Despite being a rarefied “Tiger cub,” Bill Hwang was not well known on Wall Street until he blew up in what might be the biggest margin call of all time, causing billions in losses.
Hwang, a former protege of noted Tiger Management founder Julian Robertson, ran family office Archegos Capital Management, which was so under-the-radar that he wasn’t even initially spotted as the cause of seismic shifts in trading that sent shares of Discovery down 21 percent on Friday.
Hwang has since emerged as the man at the center of a multibillion trading fiasco that is now expected to result in upward of $6 billion in losses for some of his trading partners, including Nomura and Credit Suisse.
Wall Streeters are admittedly stunned by the speed of the crash and the size of the damage left behind even as they brace for a potential battle with lawmakers over regulation of secretive family offices like the one run by Hwang.
“I’ve never seen anything like this — how quiet it was, how concentrated, and how fast it disappeared,” Mike Novogratz, a career macro investor and former partner at Goldman Sachs told Bloomberg News. “This has to be one of the single greatest losses of personal wealth in history.”
“You have to wonder who else is out there with one of these invisible fortunes,” Novogratz added. “The psychology of all that leverage with no risk management, it’s almost nihilism.”

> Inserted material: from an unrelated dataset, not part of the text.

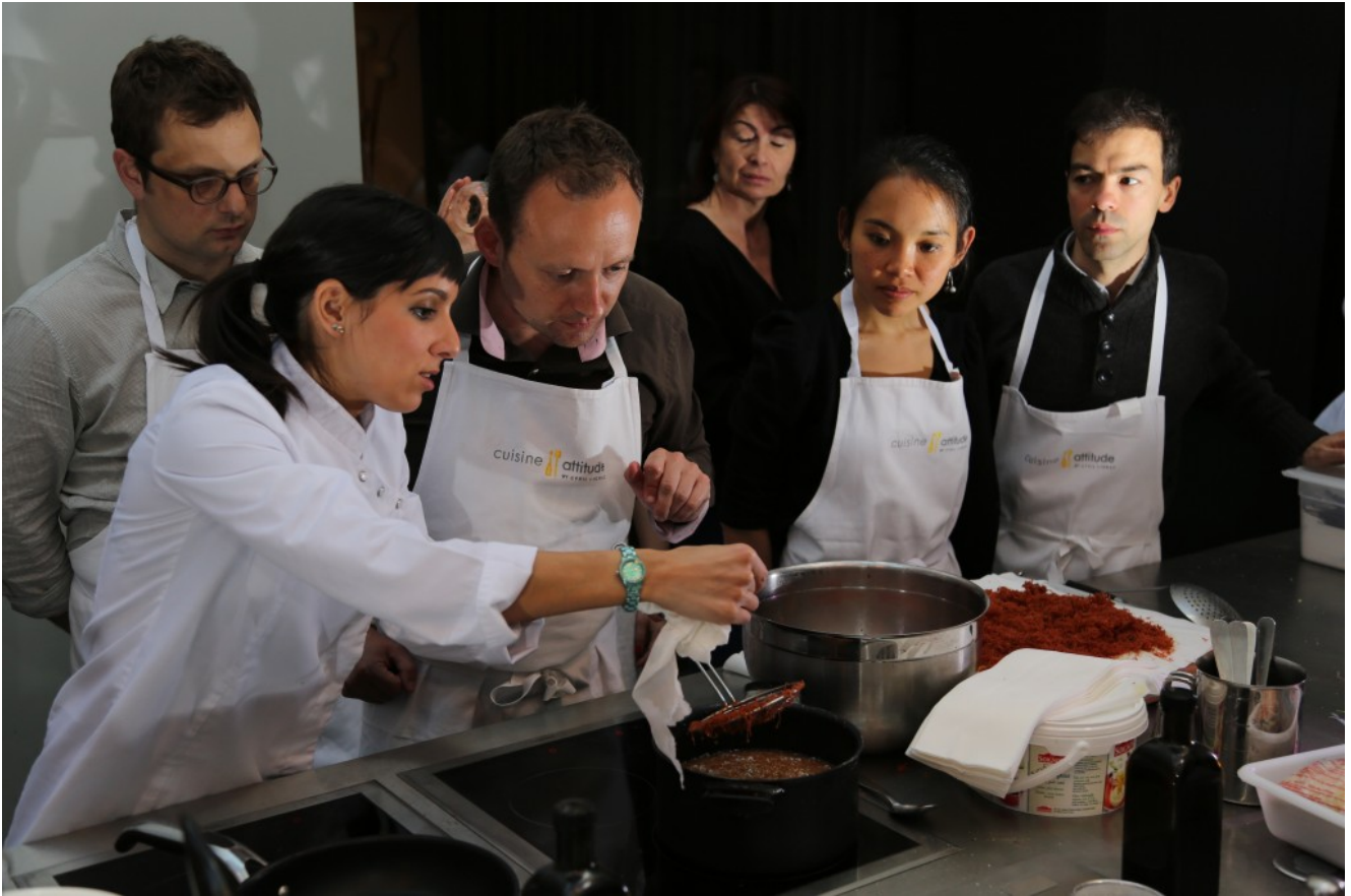
cuisson du kadaif

Because Archegos is a family office and not a regulated bank or hedge fund, the details of its crash remain a mystery. What is known is that Hwang established Archegos after he shuttered his hedge funds — Tiger Asia Management and Tiger Asia Partners — following an SEC probe in 2012 alleging insider trading.
The firm then reportedly used derivatives contracts with brokers to supercharge its trades, structuring them in such a way that Archegos’s positions were placed on banks’ balance sheets.

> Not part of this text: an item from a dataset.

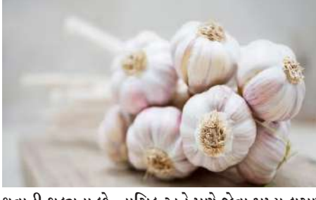
થવાની શક્યતા છે. નાસિક અને પુણે જેવા મુખ્ય લસણ ઉત્પાદક રાજ્યોમાં ખરાબ હવામાનને કારણે

ભાવને અસર થઈ રહી છે. કમોસમી વરસાદ તેમજ ખરાબ હવામાનના કારણે ટમેટા, ડુંગળી, આદુ બાદ હવે લસણના ભાવમાં પણ વધારો થયો છે. ખરાબ હવામાનના કારણે લસણના પાકને નુકસાન થયું હોવાની તેના ઉત્પાદન પર અસર પડી છે અને આવકમાં ઘટાડો થયો છે. જેને કારણે લસણના ભાવમાં તેજી આવી છે. જેના કારણે લસણ ૨૫૦ થી ૩૦૦ રૂપિયા કિલો વેચાઈ રહ્યું છે. લસણના ભાવમાં ધરખમ વધારો થતાં ગૃહિણીઓનું બજેટ પણ ખોરવાયું છે. જો કે આવનારા દિવસોમાં લસણની આવક શરૂ થતા તેના ભાવ ઘટાડો

Such contracts, which don’t need to be disclosed, reportedly allowed Hwang to turn his net worth, estimated at around $10 billion, into trades worth an estimated $50 billion or more.
At some point last week the trades went awry, forcing his trading partners to start selling his positions to pay off his debts to them. It was a margin call turned bad.
Archegos finally broke it’s silence on Tuesday, saying: “This is a challenging time for the family office of Archegos Capital Management, our partners and employees. All plans are being discussed as Mr. Hwang and the team determine the best path forward.”
Sen. Elizabeth Warren, however, is already calling for greater scrutiny.
“Archegos’ meltdown had all the makings of a dangerous situation — largely unregulated hedge fund, opaque derivatives, trading in private dark pools, high leverage, and a trader who wriggled out of the SEC’s enforcement,” Warren tweeted Tuesday.
“Regulators need to rely on more than luck to fend off risks to the financial system: we need transparency and strong oversight to ensure that the next hedge fund blowup doesn’t take the economy down with it,” she said.
Analysts have pegged Credit Suisse’s losses tied to Archegos, as well as the smaller collapse of financial startup Greensill from earlier this month, at $4 billion, threatening a year of profits tied to one month’s trading. Nomura has pegged its losses at $2 billion.
Wells Fargo, by contrast, said it didn’t experience any losses, while Goldman Sachs has reportedly told investors that its losses will be immaterial.
Despite the chaos, Hwang’s former boss, founder of esteemed hedge fund Tiger Management, suggested he’s still rooting for the guy.
“I’m just very sad about it,” Robertson, 88, told Bloomberg in a Monday interview. “I’m a great fan of Bill, and it could probably happen to anyone. But I’m sorry it happened to Bill.”